Reputation: 31
I'm using the Stanford Named Entity Recognizer with Python to find the proper names in the novel "A Hundred years of solitud". There are many of them composed by first and last name e.g. "Aureliano Buendía" or "Santa Sofía de la Piedad". These Tokens are always separated e.g. "Aureliano" "Buendia", because of the tokenizer I am using. I would like to have them together as a token, so they can be tagged together as "PERSON" with Stanford NER.
The code I wrote:
import nltk
from nltk.tag import StanfordNERTagger
from nltk import word_tokenize
from nltk import FreqDist
sentence1 = open('book1.txt').read()
sentence = sentence1.split()
path_to_model = "C:\Python34\stanford-ner-2015-04-20\classifiers\english.muc.7class.distsim.crf.ser"
path_to_jar = "C:\Python34\stanford-ner-2015-04-20\stanford-ner.jar"
st = StanfordNERTagger(model_filename=path_to_model, path_to_jar=path_to_jar)
taggedSentence = st.tag(sentence)
def findtags (tagged_text,tag_prefix):
cfd = nltk.ConditionalFreqDist((tag, word) for (word, tag) in taggedSentence
if tag.endswith(tag_prefix))
return dict((tag, cfd[tag].most_common(1000)) for tag in cfd.conditions())
print (findtags('_','PERSON'))
The result looks like this:
{'PERSON': [('Aureliano', 397), ('José', 294), ('Arcadio', 286), ('Buendía', 251), ...

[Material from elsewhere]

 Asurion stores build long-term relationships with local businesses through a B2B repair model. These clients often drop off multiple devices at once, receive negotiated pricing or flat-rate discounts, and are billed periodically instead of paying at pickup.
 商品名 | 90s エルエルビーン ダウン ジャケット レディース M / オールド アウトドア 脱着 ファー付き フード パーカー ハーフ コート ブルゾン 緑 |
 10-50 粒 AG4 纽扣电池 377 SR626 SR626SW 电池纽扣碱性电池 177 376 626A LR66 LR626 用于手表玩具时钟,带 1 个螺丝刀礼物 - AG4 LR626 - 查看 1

Does anybody have a solution? I would be more than grateful
Upvotes: 3
Views: 952
Reputation: 1
import nltk
from nltk.tag import StanfordNERTagger
sentence1 = open('book1.txt').read()
sentence = sentence1.split()
path_to_model = "C:\Python34\stanford-ner-2015-04-20\classifiers\english.muc.7class.distsim.crf.ser"

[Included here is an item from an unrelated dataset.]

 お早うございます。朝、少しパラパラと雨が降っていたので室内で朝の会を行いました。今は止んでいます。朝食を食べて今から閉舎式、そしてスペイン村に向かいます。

path_to_jar = "C:\Python34\stanford-ner-2015-04-20\stanford-ner.jar"
st = StanfordNERTagger(model_filename=path_to_model, path_to_jar=path_to_jar)

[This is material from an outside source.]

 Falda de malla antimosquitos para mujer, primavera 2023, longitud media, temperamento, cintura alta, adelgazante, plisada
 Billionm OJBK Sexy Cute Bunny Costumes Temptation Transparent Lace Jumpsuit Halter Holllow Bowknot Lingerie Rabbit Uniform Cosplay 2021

taggedSentence = st.tag(sentence)
test = []
test_dict = {}
for element in range(len(taggedSentence)):
a = ''
if element < len(taggedSentence):
while taggedSentence[element][1] == 'PERSON':
a += taggedSentence[element][0] + ' '
taggedSentence.pop(element)
if len(a) > 1:
test.append(a.strip())
test_dict[data.split('.')[0]] = tuple(test)
print(test_dict)
Upvotes: 0